FOKUS: #G20

Normalisasi Kebijakan Pastikan Ekonomi Dapat Pulih Bersama

Ilustrasi / Logo Bank Indonesia / Bagaimana negara-negara pulih bersama dari dampak pandemi Covid-19 menjadi prioritas Indonesia dalam Presidensi G20. Menurut Deputi Gubernur Bank Indonesia Dody Budi Waluyo, untuk pulih bersama, exit strategy atau normalisasi kebijakan paska pelonggaran moneter (Quantitative  Easing) harus dilakukan secara well calibrated, well communicated dan well planned untuk menjaga stabilitas dan pemulihan ekonomi dapat tetap terjaga, terutama di negara-negara berkembang. (Foto: Dok. Antara)

KBRN, Jakarta: Bagaimana negara-negara pulih bersama dari dampak pandemi Covid-19 menjadi prioritas Indonesia dalam Presidensi G20. 

Menurut Deputi Gubernur Bank Indonesia Dody Budi Waluyo, untuk pulih bersama, exit strategy atau normalisasi kebijakan paska pelonggaran moneter (Quantitative  Easing) harus dilakukan secara well calibrated, well communicated dan well planned untuk menjaga stabilitas dan pemulihan ekonomi dapat tetap terjaga, terutama di negara-negara berkembang.

"Setiap kebijakan harus dikalibrasi dan dikomunikasikan dengan baik, bagaimana dampak normalisasi bagi masing-masing negara. Terutama kebijakan negara-negara maju terhadap negara-negara berkembang," kata Dody dalam Seminar Internasional G20 yang mengangkat tema “Safeguarding Growth Momentum", seperti dikutip RRI.co.id, Rabu (26/1/ 2022).

Seminar Internasional G20 Safeguarding Growth Momentum menjadi rangkaian acara peluncuran laporan transparansi dan akuntabilitas Bank Indonesia 2021 pada hari ini yang digelar secara hybrid.

Lebih lanjut Dody menyampaikan Indonesia menempuh kebijakan untuk bersinergi dan melakukan bauran ekonomi untuk menjaga stabilitas dan pemulihan ekonomi di tengah ketidakpastian yang masih tinggi.
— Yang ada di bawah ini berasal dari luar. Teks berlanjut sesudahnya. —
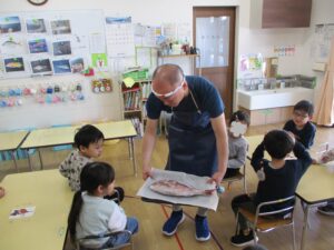普段の給食は、すでに調理されていて切り身になっていますが、今日は実物の鯛を見て、その大きさにびっくりの様子でした!!
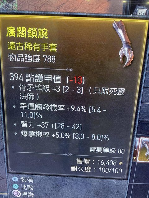 標題[競標] D4 賽季 死靈手套788 骨矛+3幸運/爆率
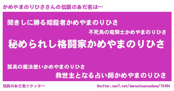 | 意味不明あだ名 | 『自称かめやまのりひさ』 |
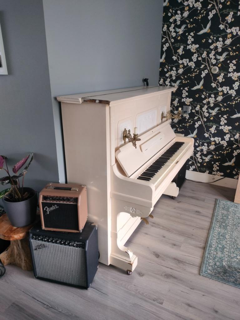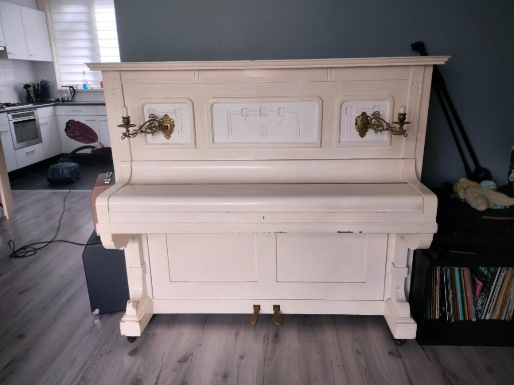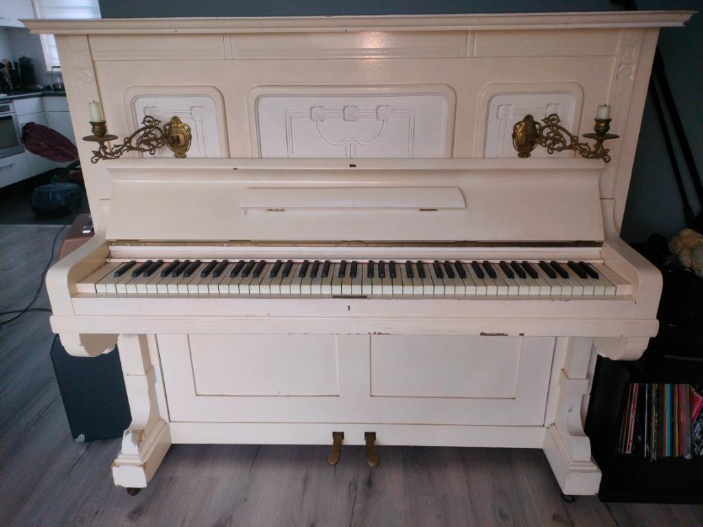 Antieke piano met orginele kaars houders en ivoren toetsen. Moet gestemd worden maar is nog speelbaar.

Langkah itu menunjukkan hasil positif bagi perekonomian Indonesia yang terus berkembang.

"Secara keseluruhan, pertumbuhan ekonomi Indonesia 2021 diperkirakan pada kisaran 3,2-4,0 persen  dan meningkat pada kisaran 4,7-5,5 persen pada 2022 ditopang oleh konsumsi swasta, investasi  dan ekspor di tengah risiko terkait pandemi Covid-19 yang tetap perlu diwaspadai," jelas Dody.
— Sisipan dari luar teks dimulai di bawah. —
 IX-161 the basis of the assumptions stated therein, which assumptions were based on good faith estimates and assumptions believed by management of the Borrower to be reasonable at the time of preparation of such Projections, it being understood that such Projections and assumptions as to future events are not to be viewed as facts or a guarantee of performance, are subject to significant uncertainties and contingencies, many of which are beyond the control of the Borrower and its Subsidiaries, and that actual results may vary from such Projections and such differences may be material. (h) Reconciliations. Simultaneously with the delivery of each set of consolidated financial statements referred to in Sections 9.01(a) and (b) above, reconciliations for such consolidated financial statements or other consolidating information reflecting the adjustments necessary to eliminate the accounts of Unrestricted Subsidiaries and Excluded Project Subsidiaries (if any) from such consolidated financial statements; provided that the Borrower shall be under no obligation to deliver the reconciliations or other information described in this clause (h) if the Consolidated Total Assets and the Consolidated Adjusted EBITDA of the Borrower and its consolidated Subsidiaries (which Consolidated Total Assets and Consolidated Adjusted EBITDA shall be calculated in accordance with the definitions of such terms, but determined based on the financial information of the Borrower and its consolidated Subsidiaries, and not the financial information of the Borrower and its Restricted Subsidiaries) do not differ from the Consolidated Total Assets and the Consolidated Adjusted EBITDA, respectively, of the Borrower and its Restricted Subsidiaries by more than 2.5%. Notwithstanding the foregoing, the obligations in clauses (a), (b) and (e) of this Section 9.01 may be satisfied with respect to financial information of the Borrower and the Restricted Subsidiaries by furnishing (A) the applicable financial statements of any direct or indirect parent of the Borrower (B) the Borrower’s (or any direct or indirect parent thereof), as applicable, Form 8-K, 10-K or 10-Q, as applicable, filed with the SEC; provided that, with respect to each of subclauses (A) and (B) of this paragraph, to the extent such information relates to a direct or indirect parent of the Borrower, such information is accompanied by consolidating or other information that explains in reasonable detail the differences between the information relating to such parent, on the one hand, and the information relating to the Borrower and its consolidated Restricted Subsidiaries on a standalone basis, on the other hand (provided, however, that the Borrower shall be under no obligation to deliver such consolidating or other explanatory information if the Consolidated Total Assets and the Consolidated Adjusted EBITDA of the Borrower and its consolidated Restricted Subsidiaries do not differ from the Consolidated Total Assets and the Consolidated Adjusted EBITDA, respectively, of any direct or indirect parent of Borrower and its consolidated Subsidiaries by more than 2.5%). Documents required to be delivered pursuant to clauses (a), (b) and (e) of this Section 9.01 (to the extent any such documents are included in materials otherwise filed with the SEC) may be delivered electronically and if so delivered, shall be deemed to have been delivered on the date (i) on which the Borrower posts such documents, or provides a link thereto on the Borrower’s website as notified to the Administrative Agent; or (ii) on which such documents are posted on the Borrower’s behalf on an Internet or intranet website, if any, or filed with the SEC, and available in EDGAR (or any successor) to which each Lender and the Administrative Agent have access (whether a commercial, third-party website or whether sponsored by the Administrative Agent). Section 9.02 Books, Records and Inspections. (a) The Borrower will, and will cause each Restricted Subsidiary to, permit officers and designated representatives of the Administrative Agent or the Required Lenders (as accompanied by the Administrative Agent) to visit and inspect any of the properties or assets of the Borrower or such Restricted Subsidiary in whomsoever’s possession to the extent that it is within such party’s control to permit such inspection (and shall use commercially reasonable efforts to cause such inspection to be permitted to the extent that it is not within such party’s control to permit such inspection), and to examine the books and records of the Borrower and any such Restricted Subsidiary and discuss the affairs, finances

Ia menambahkan, di tahun ini Bank Indonesia akan fokus pada kebijakan moneter yang diarahkan untuk menjaga stabilitas dengan memitigasi dampak dari normalisasi di negara maju.

Sementara itu, dari sisi kebijakan makroprudensial, sistem pembayaran, pendalaman pasar uang serta ekonomi keuangan inklusif dan ekonomi hijau akan diarahkan untuk mendukung pemulihan ekonomi. 
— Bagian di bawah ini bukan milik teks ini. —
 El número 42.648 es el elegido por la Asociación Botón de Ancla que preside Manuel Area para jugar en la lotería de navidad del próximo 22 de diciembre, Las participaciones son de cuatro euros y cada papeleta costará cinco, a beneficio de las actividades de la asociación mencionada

Pada kesempatan yang sama, Deputy Director General, Ministry of Economy and Finance South Korea, Byungsik Jung menyampaikan pentingnya pengelolaan utang dan aliran modal dalam menjaga momentum pemulihan ekonomi global.

"Normalisasi di negara maju akan meningkatkan tekanan terkait dengan utang dan aliran modal sehingga diperlukan dukungan dan kerja sama global dalam mengatasi tantangan tersebut," kata Byungsik Jung.

Hal serupa disampaikan Chief Economist Citibank Indonesia Helmi Arman.

"Normalisasi akan berdampak pada aliran modal, meskipun beberapa negara emerging market diperkirakan tetap mendapat persepsi yang positif dari investor," tandas Helmi.